RAG pipelines have two failure modes that require separate measurement:
- Retrieval failure -- the right documents aren't found
- Generation failure -- the answer doesn't use retrieved context correctly
Most evaluation tools measure only generation quality. rageval evaluates both stages independently and together, giving engineering teams the metrics they need to diagnose and fix quality issues.

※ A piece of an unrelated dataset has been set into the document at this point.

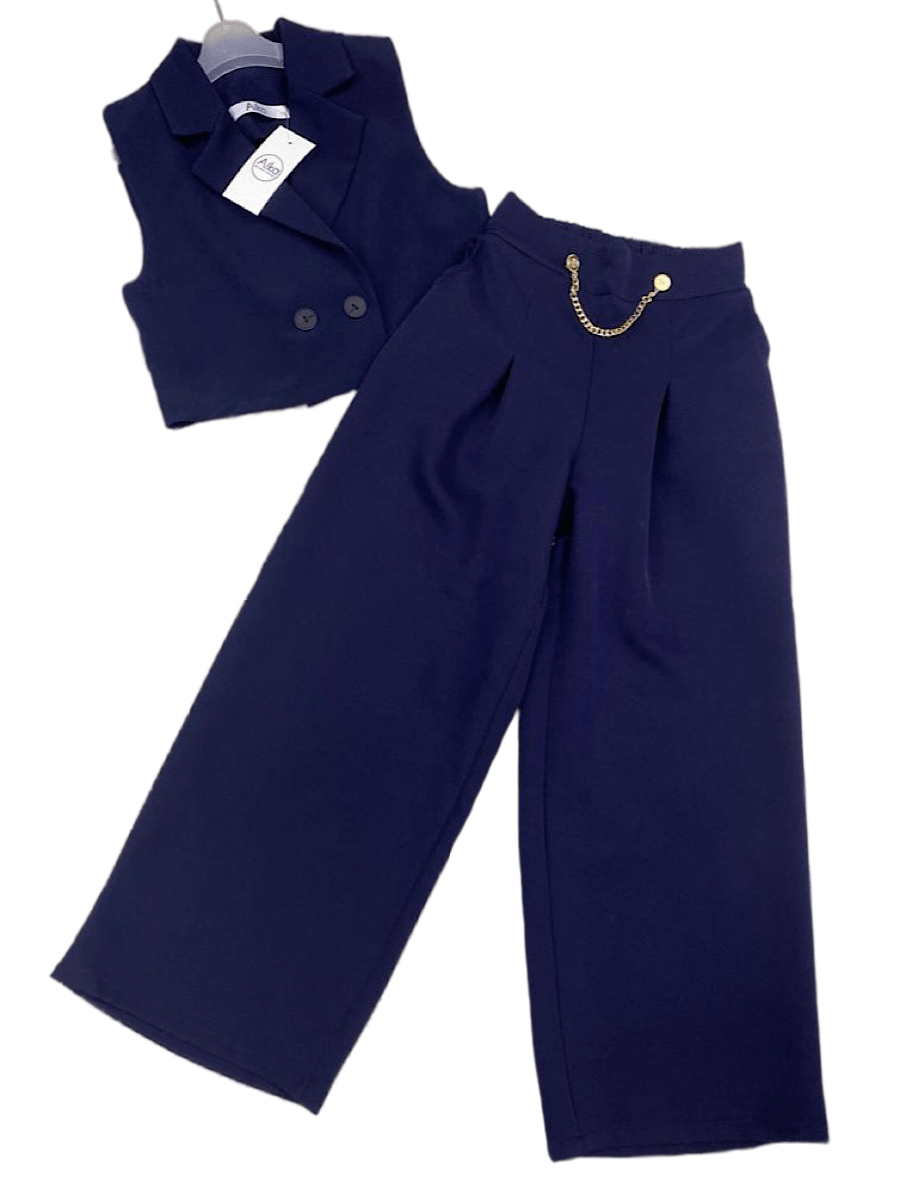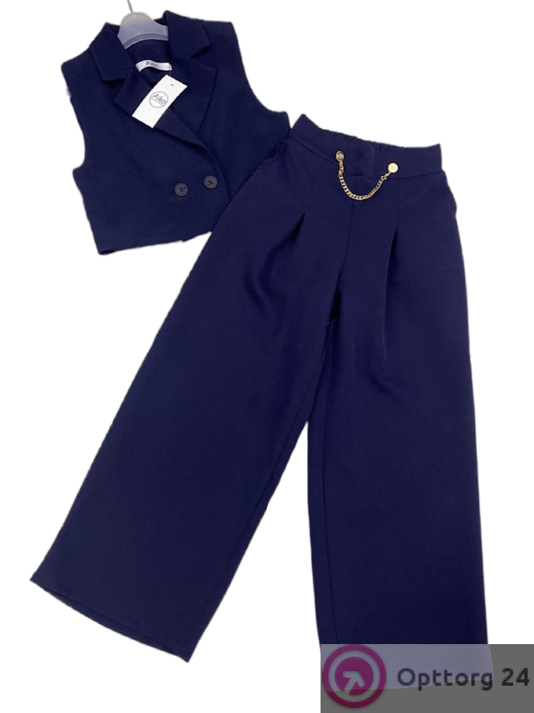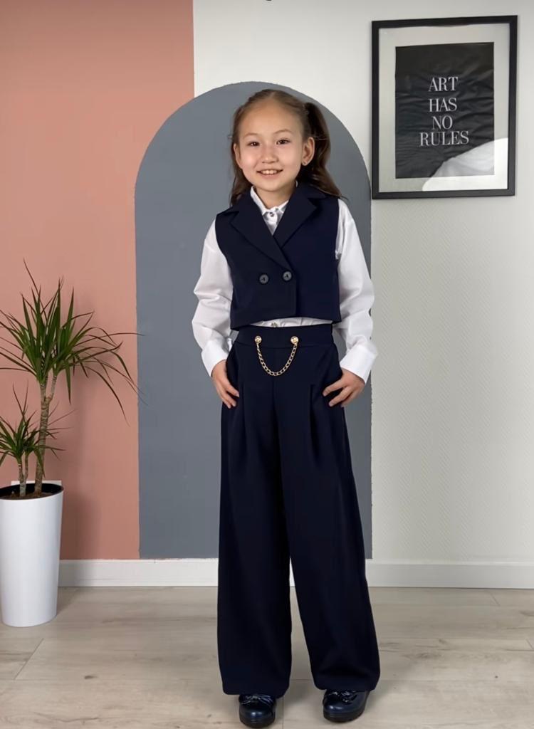 Костюм школьный для девочки. Состоит из жилетки и брюк. Жилет двубортный, укороченый, на пуговицах. Брюки широкого кроя на резинке, украшены цепочкой.

- Retrieval metrics: Precision, Recall, F1, MRR, NDCG, Hit Rate
- Generation metrics: Faithfulness, Relevance, Correctness, Context Utilization
- LLM-as-Judge: Uses LlamaIndex evaluators (FaithfulnessEvaluator, RelevancyEvaluator, CorrectnessEvaluator) with GPT-4o
- Heuristic fallback: Token-overlap scoring when no LLM is configured (zero-cost, deterministic)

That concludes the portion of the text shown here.